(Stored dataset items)
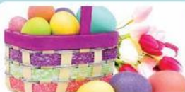
Easter Eggs 12 count
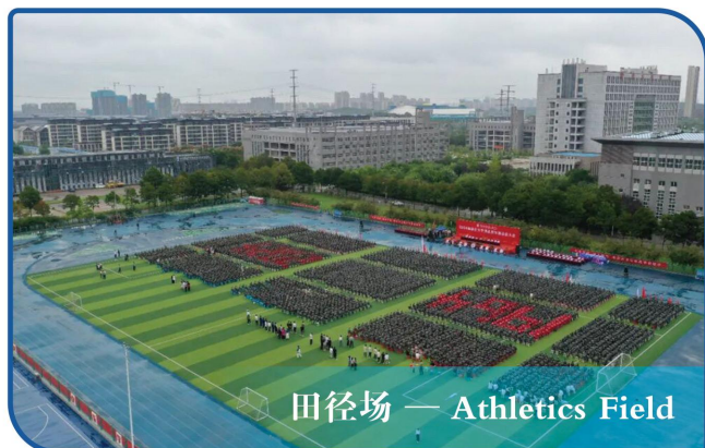
田径场 — Athletics Field
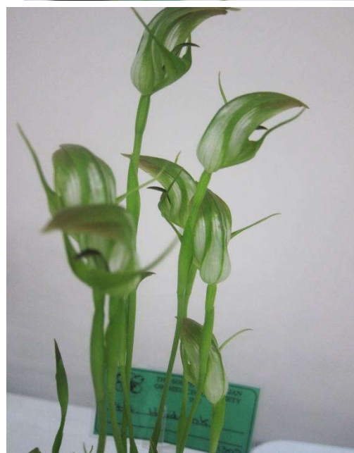
Diuris Earwig & Ptst Hoodwink
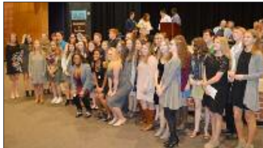
Oak Grove High School Junior Civitan Charter Members.

District Dance a Thon to be held at North Davidson High School. Date is February 3 and weather date is February 10 from 12:00 pm to 4:00 pm. Admission will be 10.00 each.
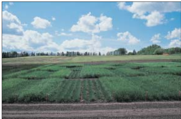
Figure 8. Tall fescue variety seed yield evaluation trial at Beaverlodge, AB.

The Western Canadian Grass Seed Testing program, an industry-sponsored testing program, can be a source of yield information for some tall fescue varieties. The latest information can be accessed from the web at http://www1.agric.gov.ab.ca/$department/deptdocs.nsf/all/crop9397
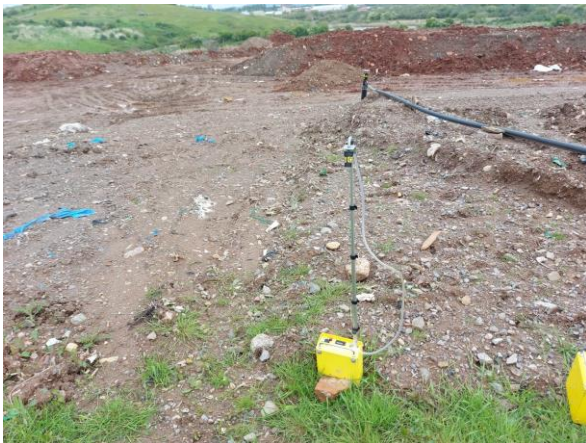
3. Sample 3, cell 3
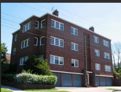
4/20 Reddall Street, Manly Coming Soon Contact Agent
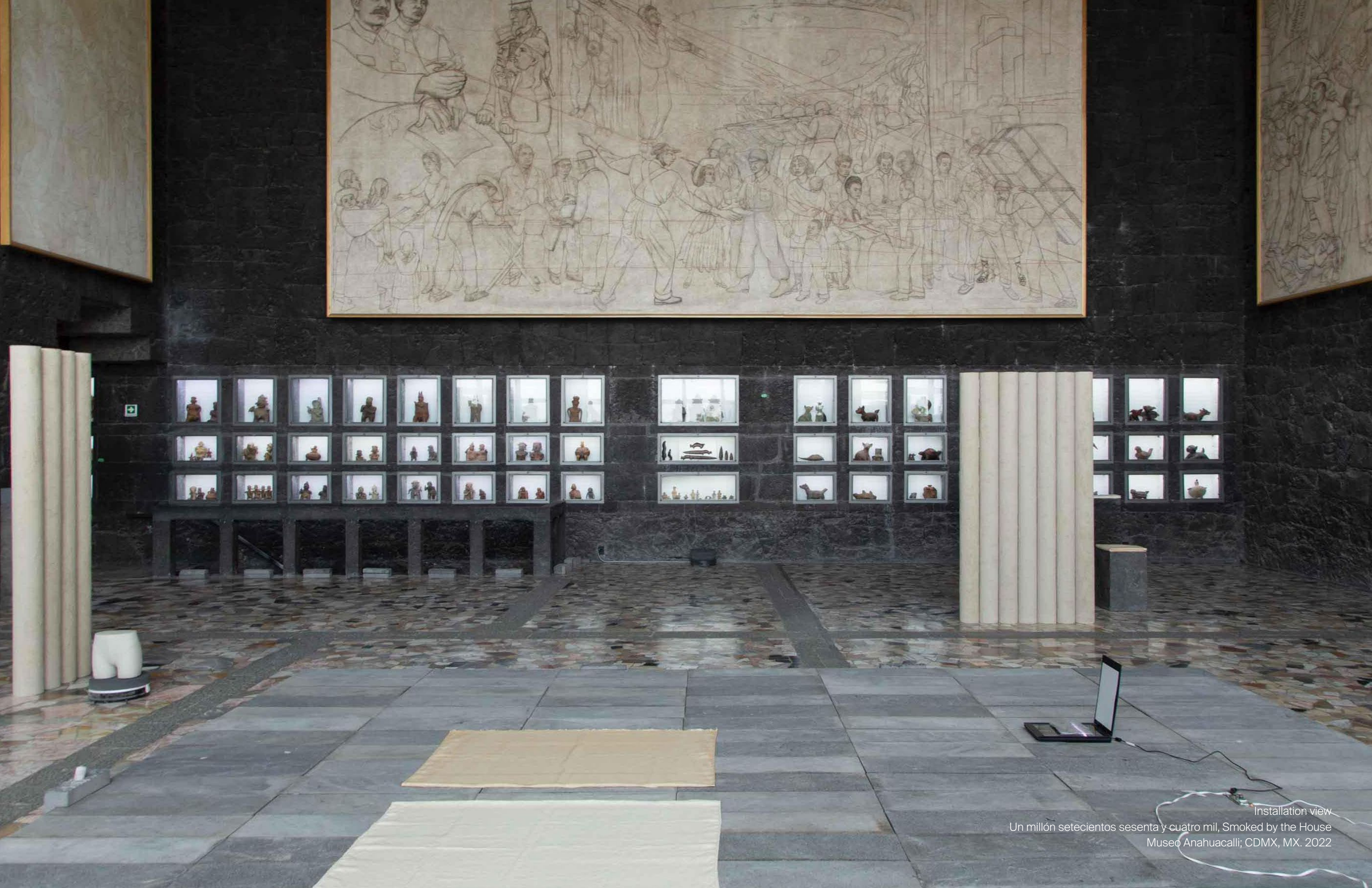
Installation view Un millón setecientos sesenta y cuatro mil, Smoked by the House Museo Anahuacalli; CDMX, MX. 2022
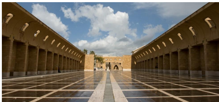
Squares System –New Gibellina-
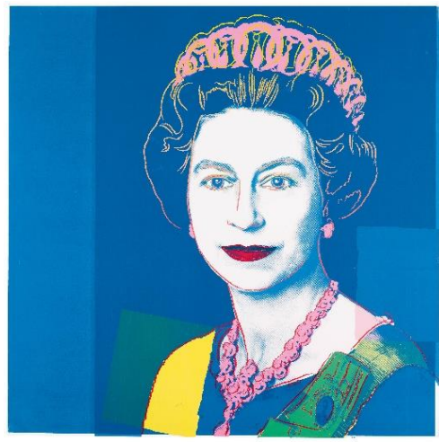
Andy Warhol – Sotheby's

Questions to help guide students' exploration:
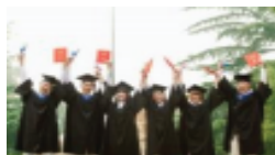
Academic Equivalence Evaluation
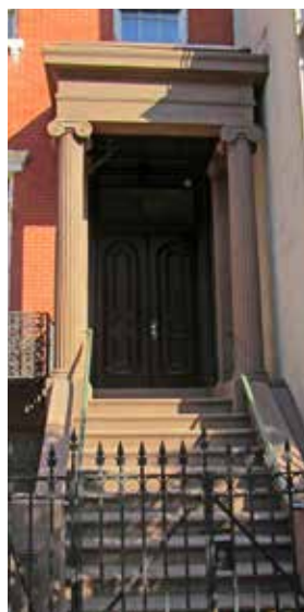
Hopper Home portico restoration
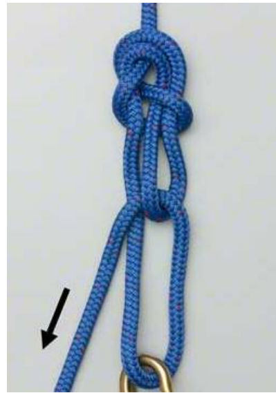
Truckers Hitch (tying boats to a roof rack)
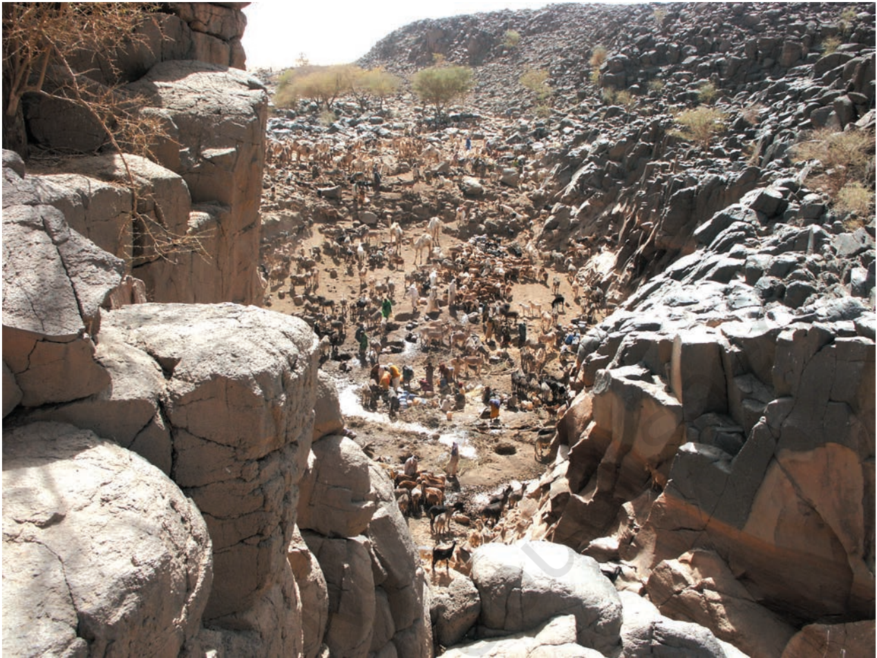
One of the biggest catastrophes in Africa in the 1970s, a drought turned the best cropland in five countries into cracked and barren earth. In fact, the term environmental refugees came into popular vocabulary after this. Many had to flee their homelands as agriculture was no longer possible.

basis of vague scientific evidence and time frames. In that sense the discovery of the ozone hole over the Antarctic in the mid-1980s revealed the opportunity as well as dangers inherent in tackling global environmental problems.
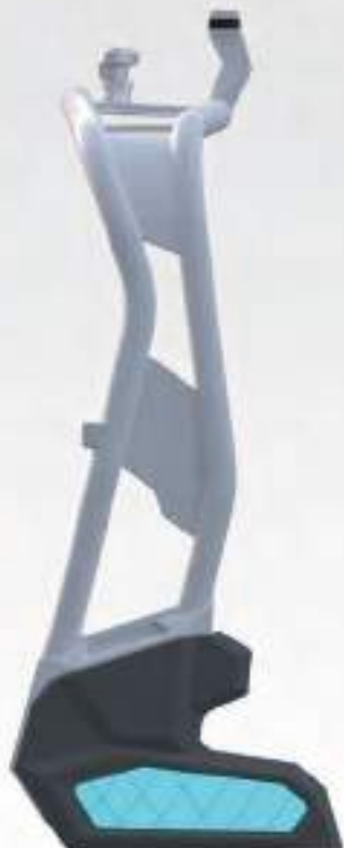
FLIGHT CONTROL TOWER MANUAL
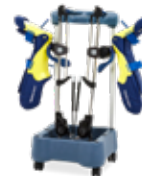
F-30015 Stirrup Cart

For more information, please contact your local Hillrom sales representative.
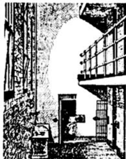
Female inmates' tiers.

In 1902 a massive, gray building replaced the Tombs but its chateau-like appearance could not displace in common parlance the name of the original structure whose architectural style had been based on a steel engraving of an Egyptian tomb. Seven decades later that replacement was itself replaced by the present Manhattan Detention Complex but still "The Tombs" name persists.
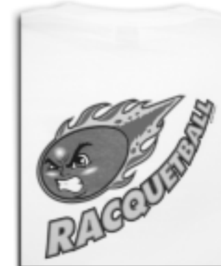
ITEM A - BALL WHITE M,L,XL $15 FRONT: RISKY LOGO

CHECK US OUT ON THE WEB! RISKYDESIGNS.COM
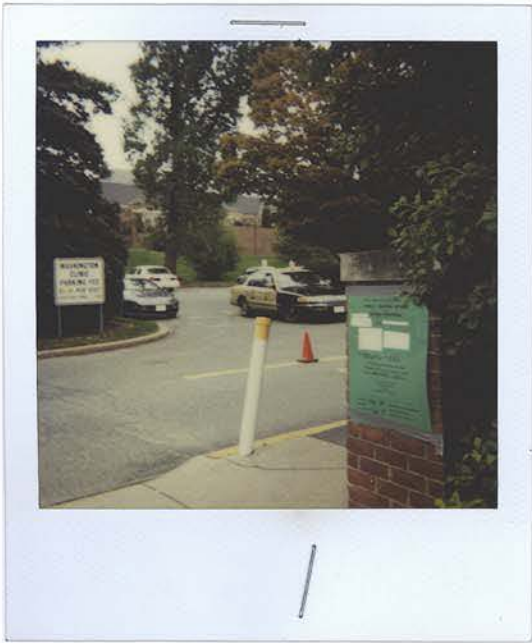
5. 10/9/02 – Revised and replaced one sign – 5401 Western Avenue, NW
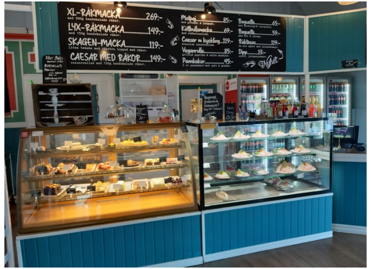
Inside, the food is ready in the counter.
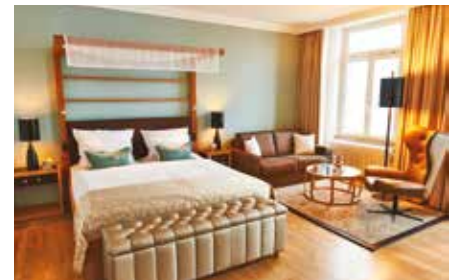
Lake View Double Room
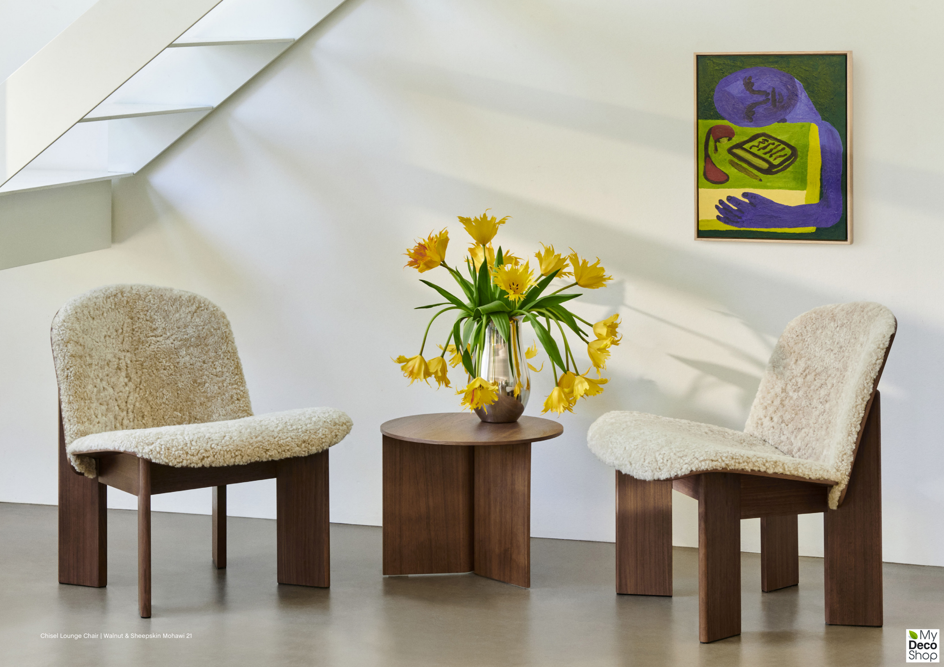
Chisel Lounge Chair | Walnut & Sheepskin Mohawi 21
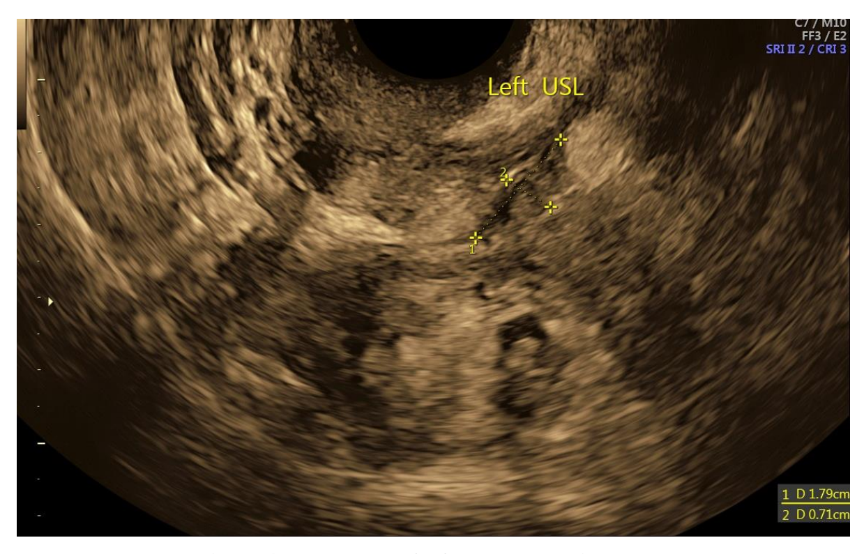
Figure 4:DIE nodule of left uterosacral ligament
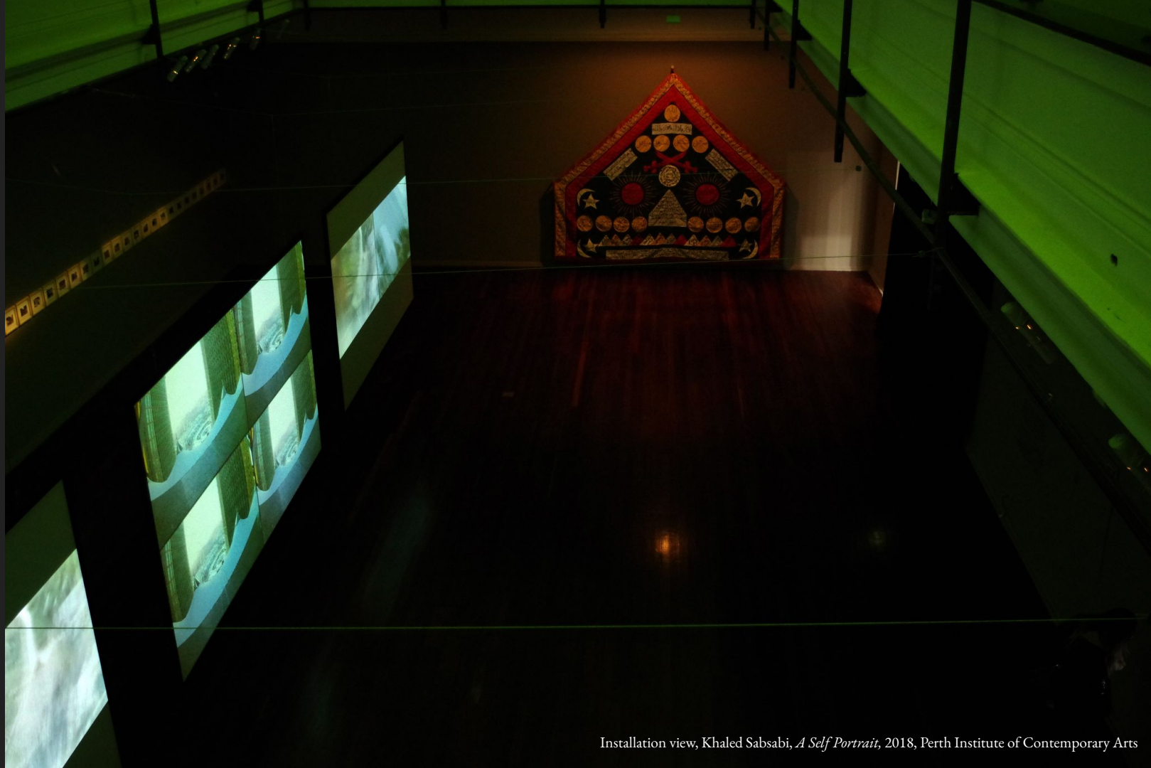
Installation view, Khaled Sabsabi, A Self Portrait , 2018, Perth Institute of Contemporary Arts
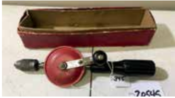
Lot#20545. Miller Falls No. 2500C Hand Drill In original box
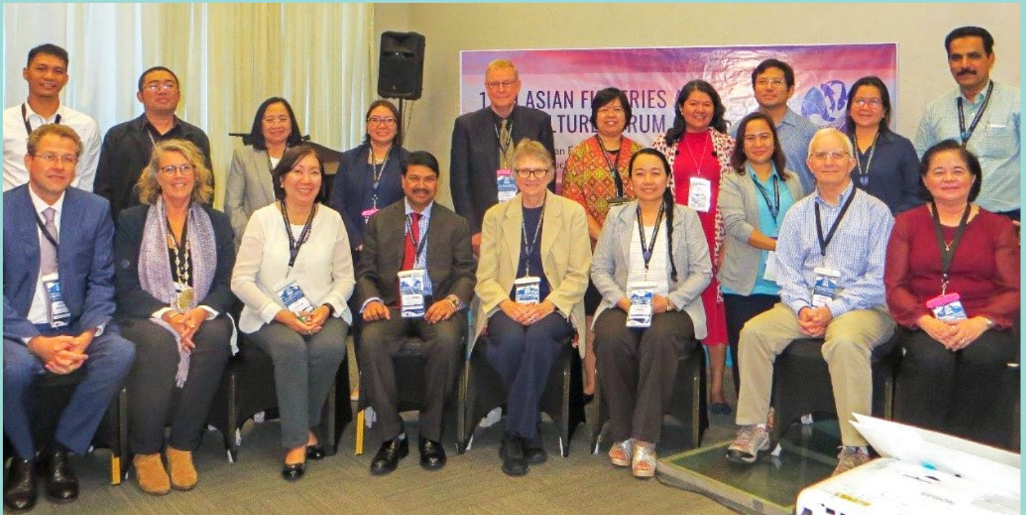
Attendees at the Joint General Assembly of the AFSSRN and GAFS during 12AFAF on April 10, 2019.

Gender: https://www.seafdec-oceanspartnership.org/wp-content/uploads/USAID-Oceans_Gender-In-Fisheries_Training-Guide_March-2019.pdf

_What you will do_. All of the data is to be reproduced exactly, with the pictures left out.

_Answer box_.
Easter Eggs 12 count
田径场 — Athletics Field
Diuris Earwig & Ptst Hoodwink
Oak Grove High School Junior Civitan Charter Members.

District Dance a Thon to be held at North Davidson High School. Date is February 3 and weather date is February 10 from 12:00 pm to 4:00 pm. Admission will be 10.00 each.
Figure 8. Tall fescue variety seed yield evaluation trial at Beaverlodge, AB.

The Western Canadian Grass Seed Testing program, an industry-sponsored testing program, can be a source of yield information for some tall fescue varieties. The latest information can be accessed from the web at http://www1.agric.gov.ab.ca/$department/deptdocs.nsf/all/crop9397
3. Sample 3, cell 3
4/20 Reddall Street, Manly Coming Soon Contact Agent
Installation view Un millón setecientos sesenta y cuatro mil, Smoked by the House Museo Anahuacalli; CDMX, MX. 2022
Squares System –New Gibellina-
Andy Warhol – Sotheby's

Questions to help guide students' exploration:
Academic Equivalence Evaluation
Hopper Home portico restoration
Truckers Hitch (tying boats to a roof rack)
One of the biggest catastrophes in Africa in the 1970s, a drought turned the best cropland in five countries into cracked and barren earth. In fact, the term environmental refugees came into popular vocabulary after this. Many had to flee their homelands as agriculture was no longer possible.

basis of vague scientific evidence and time frames. In that sense the discovery of the ozone hole over the Antarctic in the mid-1980s revealed the opportunity as well as dangers inherent in tackling global environmental problems.
FLIGHT CONTROL TOWER MANUAL
F-30015 Stirrup Cart

For more information, please contact your local Hillrom sales representative.
Female inmates' tiers.

In 1902 a massive, gray building replaced the Tombs but its chateau-like appearance could not displace in common parlance the name of the original structure whose architectural style had been based on a steel engraving of an Egyptian tomb. Seven decades later that replacement was itself replaced by the present Manhattan Detention Complex but still "The Tombs" name persists.
ITEM A - BALL WHITE M,L,XL $15 FRONT: RISKY LOGO

CHECK US OUT ON THE WEB! RISKYDESIGNS.COM
5. 10/9/02 – Revised and replaced one sign – 5401 Western Avenue, NW
Inside, the food is ready in the counter.
Lake View Double Room
Chisel Lounge Chair | Walnut & Sheepskin Mohawi 21
Figure 4:DIE nodule of left uterosacral ligament
Installation view, Khaled Sabsabi, A Self Portrait , 2018, Perth Institute of Contemporary Arts
Lot#20545. Miller Falls No. 2500C Hand Drill In original box
Attendees at the Joint General Assembly of the AFSSRN and GAFS during 12AFAF on April 10, 2019.

Gender: https://www.seafdec-oceanspartnership.org/wp-content/uploads/USAID-Oceans_Gender-In-Fisheries_Training-Guide_March-2019.pdf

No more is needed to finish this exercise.